> **Exercise**
Could you write out, exactly and with no pictures, every line from the one containing "EAT Drink and" through the last line of the entries?

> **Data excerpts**
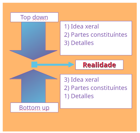 A estadística di que a maioría das persoas que están a ler este artigo, á hora de enfrontarse a un novo proxecto, collen unha idea xeral e fican valorando as xeneralidades durante un tempo antes de pasar a definir as partes e finalmente os detalles. Primeiro ven unha paisaxe de verán, logo ven a praia, o mar e a masa de turistas, para finalmente fixarse nos nenos que constrúen castelos con algas e cunchas para as portas e ventás, na muller que le un libro de Isabel Allende baixo a protección dunha pamela e no home que toma o sol cuberto en crema protectora e aderezado de area. Este proceso no que se observan as xeneralidades e logo vaise un achegando aos detalles é o procesamento top-down (de arriba a abaixo).
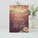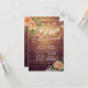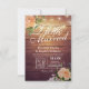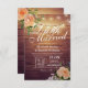 EAT Drink and Be Married Wedding Celebration / Bridal Shower Invitation Cards Templates.- Elegant Script with Peach White Roses Floral and String Lights on Rustic Wood Background.
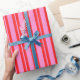 Papier Cadeau Motif des bandes verticales rose et rouge Preppy
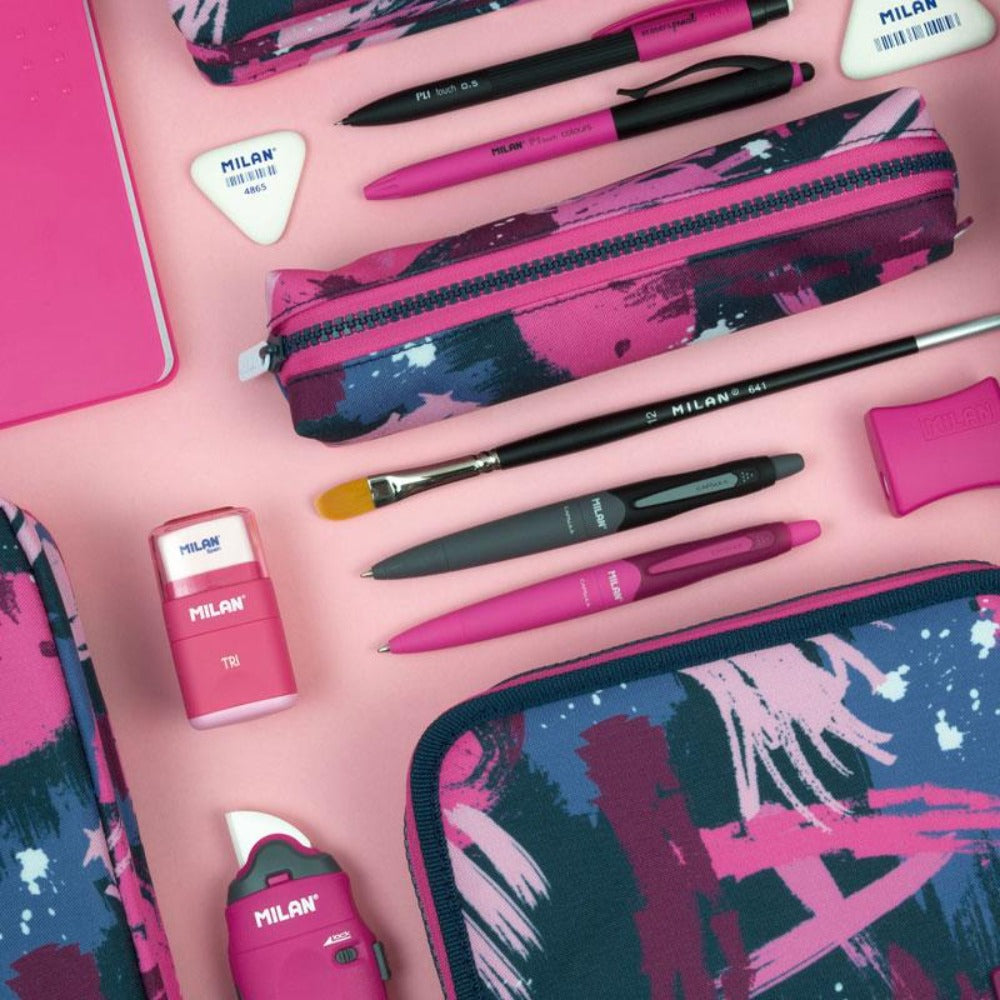 MILAN 081135AGP - Estuche Portatodo 3 Cremalleras, Edición Arty Geo Rosa
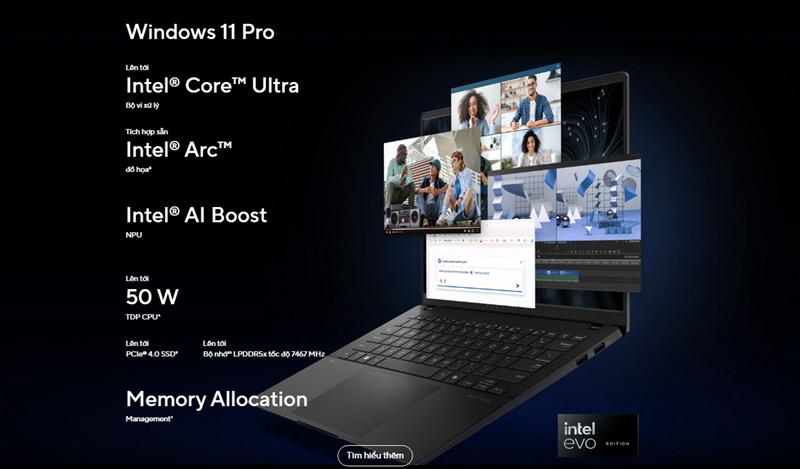 - Thuộc dòng laptop văn phòng mỏng nhẹ, Asus Vivobook S 14 OLED S5406MA PP136W sử dụng vi xử lý CPU Intel Core Ultra 5-125H (14 Cores, 18 Threads). Đây là dòng CPU mà Intel sản xuất riêng cho các mẫu laptop văn phòng, tập trung vào mức hiệu năng cao nhưng tiết kiệm điện năng, hoạt động mát mẻ.

> **Written response**
 EAT Drink and Be Married Wedding Celebration / Bridal Shower Invitation Cards Templates.- Elegant Script with Peach White Roses Floral and String Lights on Rustic Wood Background.
 Papier Cadeau Motif des bandes verticales rose et rouge Preppy
 MILAN 081135AGP - Estuche Portatodo 3 Cremalleras, Edición Arty Geo Rosa
 - Thuộc dòng laptop văn phòng mỏng nhẹ, Asus Vivobook S 14 OLED S5406MA PP136W sử dụng vi xử lý CPU Intel Core Ultra 5-125H (14 Cores, 18 Threads). Đây là dòng CPU mà Intel sản xuất riêng cho các mẫu laptop văn phòng, tập trung vào mức hiệu năng cao nhưng tiết kiệm điện năng, hoạt động mát mẻ.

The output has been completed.